While the Obama White House has failed to acknowledge the
Olympic Games program or any involvement in the Stuxnet or Flames viruses linked
to the initiative, computer researchers in both the US and Russia have tied
Washington to the cripplingly malicious coding. Earlier this month,
California-based Chevron, one of the world’s leaders in the oil sector, went
public with claims that Stuxnet had infected — but not affected — their
computers after the virus was unleashed.
The ability to slow down or speed up centrifuges in
nuclear facilities from thousands of miles away made Stuxnet a virus that had
very substantial powers. Refusing to speak of the Olympic Games program
specifically, former CIA chief Michael Hayden told the Times, “This is the
first attack of a major nature in which a cyberattack was used to effect
physical destruction.”
According to the Post’s latest, though, future assaults by
way of Stuxnet or similar worms could be considered by Washington as defense
mechanisms to make sure Iran doesn’t retaliate for what America has long-been
lashing out with.
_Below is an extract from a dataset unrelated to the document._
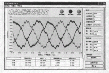 在LabWindows/ CVI 軟件開發(fā)平臺上,將數(shù)據(jù)采集系統(tǒng)結(jié)合上述分析指標(biāo),開發(fā)一套電能質(zhì)量分析系統(tǒng),該系統(tǒng)能夠?qū)﹄娔苜|(zhì)量的主要參數(shù)進(jìn)行實時檢測,提供在線和離線分析及仿真功能,以列表的形式給出三相電信號的相關(guān)參數(shù),并提供預(yù)警功能,當(dāng)頻率偏差、電壓波動等超過標(biāo)準(zhǔn)值時系統(tǒng)會給出聲音和圖形報警, 運行界面如圖3所示。
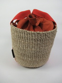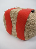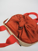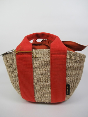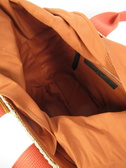 巾着型 巾着の布はオレンジ色 持ち手からつながるテープはグログラン アパカ天然素材 内側の内ポケットは牛革

One source tells the Times that, before last month’s
directive, severing any link between a US-computer and an overseas server by
any means possible would be an act that would put America on the offensive. Now
even a preemptive attack that disconnects other countries could be considered a
defensive ploy according to the president.
“That was seen as something that was
aggressive…particularly by some at the State Department,” one defense
official tells the Post. With the signing of Pres. Obama’s latest order,
though, the paper writes that the directive “effectively enables the
military to act more aggressively to thwart cyberattacks on the nation’s web of
government and private computer networks.”
It is thought that, through the directive, any systems
linked even remotely with America’s can be fair game for an assault. Given the
expansion of cloud computing and the ever-expanding interconnection of
communities across the globe on the Web, though, that could essentially enable
Uncle Sam’s cybersquad to get away with a whole new slew of tricks to try and
topple adversaries of any kind that threaten the American way of life. When and
where those actions are necessary, of course, remains another topic of
discussion. Will those orders be signed in secrecy as well, though?